Третий инстинктивно возненавидел Янов. Особенно Ян Лан. В этой девчонке переродилась злая ведьма, говорил он. В первый раз Второй только молча посмотрел на него. Второй раз Третий сказал это, когда они встретили Ян Лан на улице. Второй и Третий шли воровать уголь и столкнулись с Ян Мэном и Ян Лан. Увидев мешки, Ян Мэн спросил, куда это они собрались.
— За углём, — уклончиво ответил Второй. «Собирать» или «воровать», он не уточнил.
— Помощь нужна? — спросил Ян Мэн. Ян Лан тут же дёрнула его за рукав:
— Зачем ты? Там ужасно грязно!
Лицо Третьего, казалось, окаменело.
— Ну, я пошёл! — сказал он.
— Я тоже! — буркнул Второй и поспешил за братом.
Когда они отошли, Третий выругался:
— Чёртова ведьма!
Второй остановился, глаза его налились бешенством.
— Это уже второй раз. Скажешь в третий, ты мне больше не брат! — голос Второго дрожал от ярости.
Третий был просто ошарашен, ему стало ужасно обидно.
— А что я сказал? Ну что я такого сказал?
Спустя какое-то время учительница узнала про «ужасно грязно» и велела Ян Лан извиниться. Ян Лан, весело глядя Второму прямо в глаза, произнесла:
— Прости, пожалуйста! — а Второй стоял весь пунцовый.
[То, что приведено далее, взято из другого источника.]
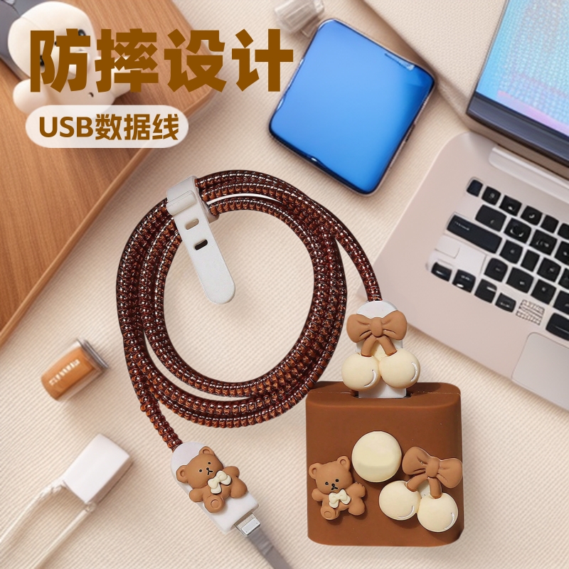 Pelindung kabel data beruang kopi lucu bergaya kartun, pengisi daya cepat Apple 15 20w anti-pecah

Потом он повернулся к учительнице и пробормотал, мол, на самом деле в тот день они с братом ходили воровать уголь. Учительница ничего не сказала, только вздохнула, но так тяжело, что сердце Второго словно придавило камнем, до боли. Тот вечер он провёл за уроками, но мысли витали где-то далеко. Когда он собрался уходить, учительница впервые за всё время проводила его до самой двери и вышла с ним на улицу. В лунном свете асфальт казался белым. «Послушай, я знаю, что твоей семье трудно живётся, но человек даже в бедности должен быть твёрд характером. Ты должен это понимать». Второй через силу кивнул.
Вот только зря он передал эти слова отцу. Тот разъярился так, что грохнул бутылку с водкой об пол.
— Что, значит, мы не тверды характером, по-ихнему? — орал он. — Пусть поживёт немного, как мы, вот и узнает, почём её «твёрдость».
Второй боялся слово вымолвить.
— Если ты ещё раз пойдёшь к этим Янам, к этим баранам вшивым,[18] я тебе лично ноги переломаю!
— Хорошее дело! — вмешалась мать. — Они, между прочим, благодаря нам хорошо живут, нам, рабочим! Пьют нашу кровь и жиреют!
— Они врачи, не капиталисты! — возразил Второй.
— Ах, ты ещё заступаться за них будешь? Ну и звался бы Яном! — отрезала мать. — Да ты щенок! Сейчас я объясню тебе, что такое «твёрдость». Твёрдость — это когда ты не якшаешься с богатенькими, а то подумают, что ты от зависти к ним слюной давишься!
После отповеди отца Второму стало жутко стыдно. Он ведь на самом деле завидует их жизни, разве нет? Несколько дней Второй не ходил к Янам. Ему было так тяжело, казалось, будто в груди груда тяжёлых камней, которые больно перекатываются внутри. Спустя неделю Второй и Третий возвращались домой с мешками, полными угля, и у дома вдруг повстречали Ян Лан. Она подошла:
— Почему ты больше не приходишь?
Второй открыл было рот, но не смог ничего сказать.
— Ты обиделся на меня, да? Но я же признала, что была неправа.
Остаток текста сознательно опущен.